Кэтрин: – А придется. У меня поджимают сроки «Астарты и золотого идола», и ни на что другое я не хочу отвлекаться, пока не закончу. По крайней мере напиши черновик. Все у тебя в порядке с английским, и в любом случае я за тобой вычитаю готовый текст. Ну же, садись за работу, а я попрошу миссис Пул заварить твоего любимого чая из водорослей, того, который особенно воняет.
Беатриче: – Это превосходный напиток, знаешь ли. Очень освежающий.
Диана: – Я как-то его попробовала глоток. И тут же выплюнула все на пол. На вкус эта дрянь как теплая моча.
Кэтрин: – Ты говоришь со знанием дела! Давай, Беатриче, вот тебе ручка. Будь хорошим ядовитым цветочком, садись и принимайся за работу, а я потом за тобой все перечитаю.

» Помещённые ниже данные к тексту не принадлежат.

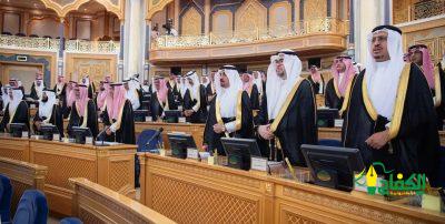 بمشاعر تفيض بالشكر والتقدير ، وفي أجواء يملؤها السرور والبهجة ، وبقلوب تتطلع للإنجاز والنجاح ، يتشرف مجلس الشورى بهذه الرعاية الكريمة حيث تتفضلون ــــ حفظكم الله ــــ نيابة عن خادم الحرمين الشريفين الملك سلمان بن عبدالعزيز آل سعود ــــ حفظه الله ــــ بافتتاح أعمال السنة الأولى من الدورة التاسعة لمجلس الشورى وانطلاق دورة جديدة من عمر هذا المجلس الذي حظي طيلة مسيرته بدعم القيادة الرشيدة وذلك إيماناً بدوره في عملية البناء والتنمية فمرحباً بكم يا صاحب السمو.

– Я никогда не знала своей матери, – начала Беатриче. – Она происходила из бедной крестьянской семьи, с маленькой фермы в холмах в окрестностях Падуи, и была намного младше моего отца. Думаю, он выбрал ее себе в жены именно за молодость и красоту – его главной целью было произвести на свет дочь, то есть меня. От сына ему было бы куда меньше пользы. Конечно, он мог бы вырастить из сына своего преемника, ученика, который продолжил бы его научные изыскания. Но дочь могла стать для него одновременно ученицей и подопытным материалом для экспериментов.
Отец мой был доктором, величайшим врачом в Падуе, а может быть, и во всей Италии. Со всех концов страны прибывали пациенты, желавшие лечиться у знаменитого доктора Раппаччини.
В доме своего отца моя матушка научилась ухаживать за садом. Она занималась и садом своего супруга, и я часто размышляла, уж не ослабил ли ее постоянный контакт с ядовитыми растениями его фармакопеи, которые он разводил для изготовления лекарств. Он часто говорил мне, что яд создает дозировка и что яд в человеческом теле может быть исцелен только действием яда из внешнего мира. Например, яд наперстянки смертелен для здорового человека, а больного сердечной болезнью исцеляет. Матушка ухаживала за его садом ядовитых растений, а я тем временем росла у нее во чреве, впитывая их испарения. Я думаю, что они начали свое действие на меня еще на внутриутробной стадии. В то время как матушку они ослабляли, я настолько адаптировалась к их эссенциям, что становилась только здоровее и крепче. В день, когда я родилась, она умерла, отдав мне жизнь. Ее здоровье уже было подточено ядами, а роды окончательно измучили ее и привели к смерти. Она была дочерью простого крестьянина, а я… а я была чудовищем. Я считаю себя причиной ее смерти.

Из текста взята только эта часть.